- EXTRACTED DATA -
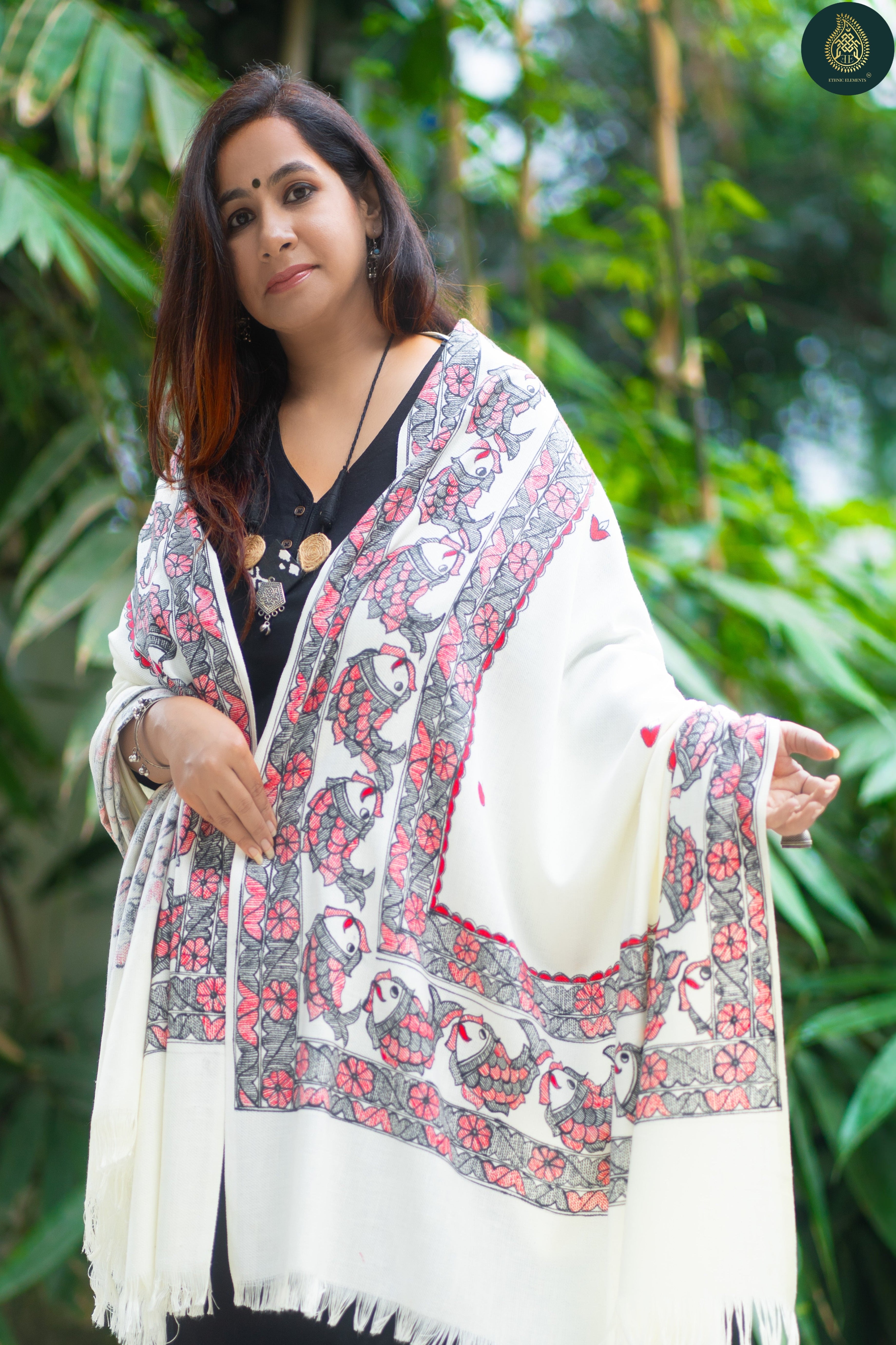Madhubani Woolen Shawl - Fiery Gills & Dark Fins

--

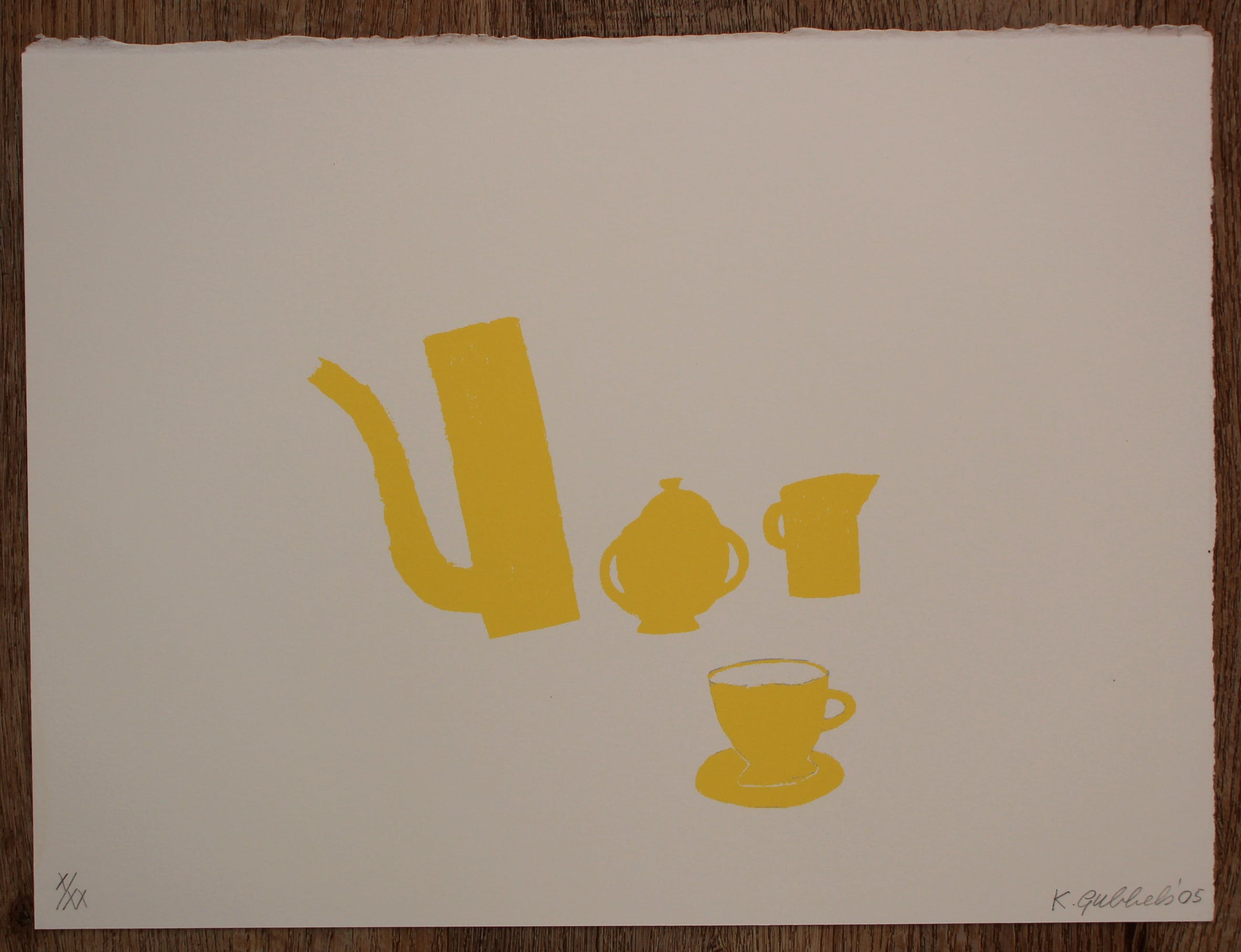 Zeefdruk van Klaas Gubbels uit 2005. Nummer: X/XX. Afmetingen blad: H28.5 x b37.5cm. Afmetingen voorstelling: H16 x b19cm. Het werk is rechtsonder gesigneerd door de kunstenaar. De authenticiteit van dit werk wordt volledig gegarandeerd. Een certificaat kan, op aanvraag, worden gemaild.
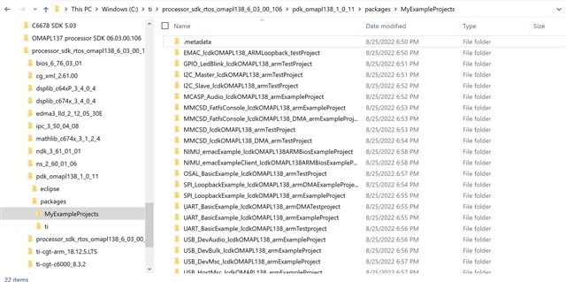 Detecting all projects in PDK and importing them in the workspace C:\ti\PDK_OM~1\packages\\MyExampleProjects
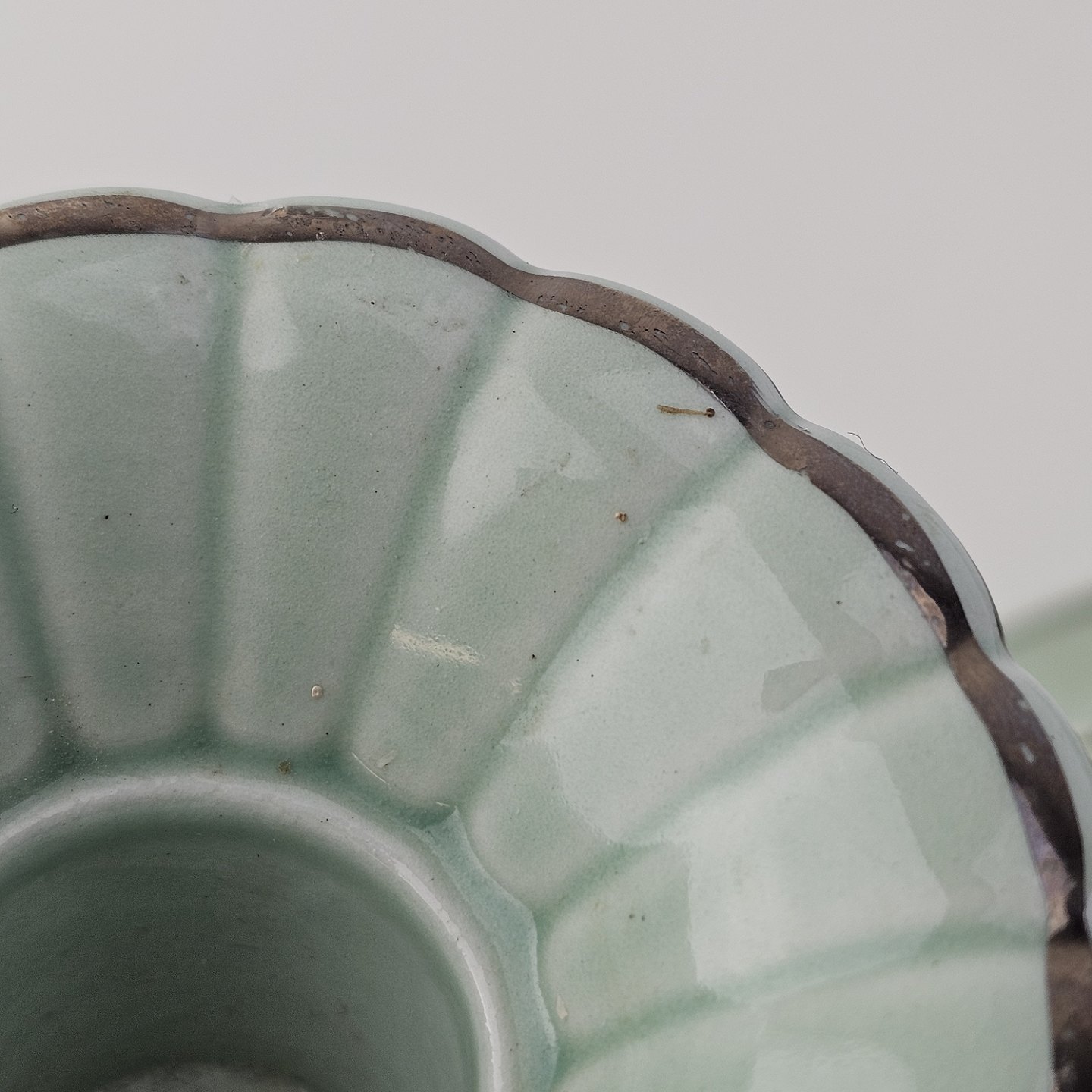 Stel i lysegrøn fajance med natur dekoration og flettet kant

- WHAT THIS TASK INVOLVES -
Produce an exact reproduction of the listing above, limited to the lines starting at the line with "Zeefdruk van Klaas" and ending at the line with "Stel i lysegrøn", both kept, with every picture left out.

- WRITTEN REPLY -
 Zeefdruk van Klaas Gubbels uit 2005. Nummer: X/XX. Afmetingen blad: H28.5 x b37.5cm. Afmetingen voorstelling: H16 x b19cm. Het werk is rechtsonder gesigneerd door de kunstenaar. De authenticiteit van dit werk wordt volledig gegarandeerd. Een certificaat kan, op aanvraag, worden gemaild.
 Detecting all projects in PDK and importing them in the workspace C:\ti\PDK_OM~1\packages\\MyExampleProjects
 Stel i lysegrøn fajance med natur dekoration og flettet kant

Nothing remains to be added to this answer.